Marketers Need To Expand and Refine Multicultural Healthcare Messages

Though still in its infancy, multicultural healthcare marketing is making great strides in reaching different cultural groups. "In the past, the role of healthcare PR was often undertaken by the
physician as a means of educating the patients, but now we are seeing a blossoming of outreach in the media channels with healthcare messages," observes Lance Longwell, account coordinator at New York,
N.Y.-based Noonan and Russo Communication.

Some companies started several years ago in the Hispanic market, because they recognized the growing demographics and the availability of media. Now the bellwether state of California, for example, is
51 percent non-white, presaging a time when diverse cultural audiences and sub-markets will themselves comprise a major portion of the overall market.

Until recently, few marketers have been focusing on the Asian-American market, observes Larry Moskowitz, director of strategic services for New York-based Kang & Lee Advertising. But last year,
pharmaceutical giant Glaxo launched a successful campaign for the Hepatitis drug, Epivir in the Chinese community. "They took the time to go into the community and speak with front-line physicians who are
treating the Chinese community," he says.

Many companies that get into multicultural marketing do so through grassroots approaches, engaging the community by, for example, giving grants to healthcare advocacy organizations.

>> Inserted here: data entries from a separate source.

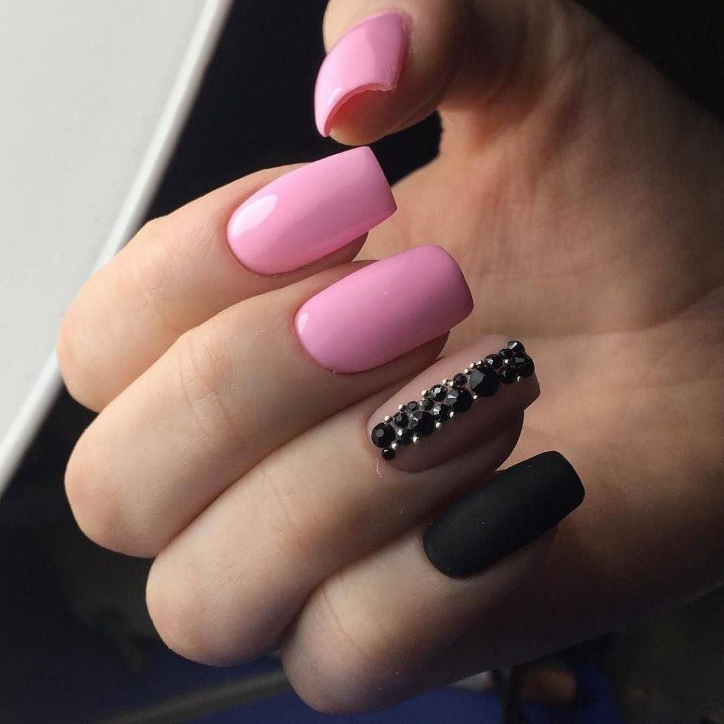 - Чёрный и розовый – идеальное сочетание, которое подчёркивает гламурный стиль обладательницы маникюра. Идеально дополнить такие ногти золотом, серебром, либо сделать матовое покрытие, добавив технику омбре.
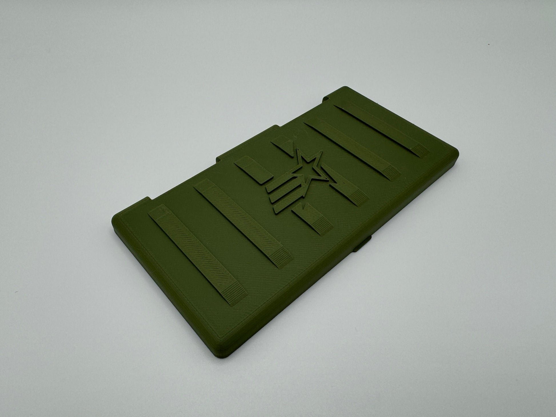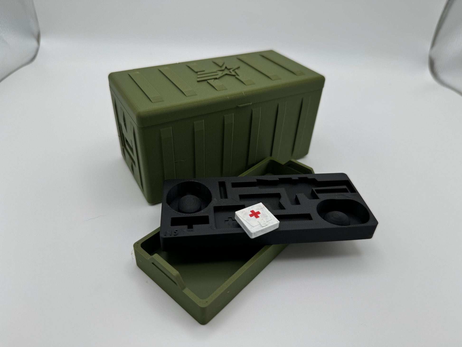 1:12 Scale crate is inspired by G.I. Joe Classified Series and is part of a series with multiple sizes that stack. The hinge is designed for the best possible look, utilizing a ball and socket hinge. The handles fold flush into the sides of the crate.
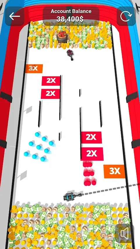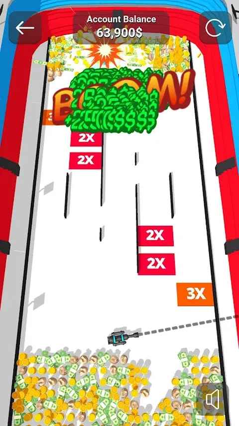 你和你的对手在他们的大炮后面有一排硬币和钞票。如果您向对手的一堆钱射击,这些钱就会添加到您的帐户中。谁先没钱,谁就输了

No Substitute for Knowledge and Sensitivity

The first thing marketers have to understand is language dependence and media consumption. For example, although only 69 percent of Chinese-Americans are foreign-born, 83 percent of them prefer to
communicate in a Chinese dialect.

Health consultants and marketing professionals also have to overcome myths that certain immigrant groups are poor or uneducated. The financial services market has longed recognized that Asian Americans
are the most educated, wealthy segment of American society.

Commitment and a long-term view are key to successful healthcare messaging, but without sensitivity to the unique needs and preferences of each culture, one can't hope to have a positive impact. How
does each group like to get its information? What motivates them?

In the Hispanic community, for example, marketers need an awareness of the "respecto" for physicians and pharmacists and the attitude of "fatalismo" towards illness.

According to New York-based Bienestar LCG Communications President Shelly Lipton, Hispanic audiences prefer information in both Spanish and English. The reason is simple--many live in a multi-
generation home with each age group having a different preference. But even Spanish-language materials must be created in Spanish and not translated from English.

Lipton cites an award-winning bi-lingual PR campaign coordinated with Pfizer, called "Guia Para la Buena Salud," dealing with diabetes, high cholesterol and high blood pressure, to illustrate his
point.

Trust is another important factor. When you target a minority community, you must target the patient and those around them, because health issues involve the entire family.

In the African-American community, you wouldn't consider a program a success if you didn't figure out a way to tap into the clergy and church networks to educate individuals about screenings or set up
support groups.

Pfizer has done a good job in doing this in the African-American and increasingly in Latino communities, according to Lipton.

Proactive Steps Include Outreach

"Community-based outreach is really important for minority audiences," notes Linda Weinberg, VP of Silver-Spring, Md.-based Prospect Associates. In a cervical cancer program aimed at Native American
women, her group involved the leadership of various tribes from the very beginning.

It also developed a relationship with a Native American entertainer who wrote original music for an educational video, which was launched at a huge gathering celebrating Native American women.

Never assume that what motivates one group will motivate another, or that creative images translate from one culture to another. In targeting an Hispanic audience, Prospect Associates used thunder and
lightning imagery to illustrate the point that you may not be able to control weather, but one can control diabetes.

Weinberg said this would be disastrous for Native American audience because thunder and lightning are negative omens in their culture.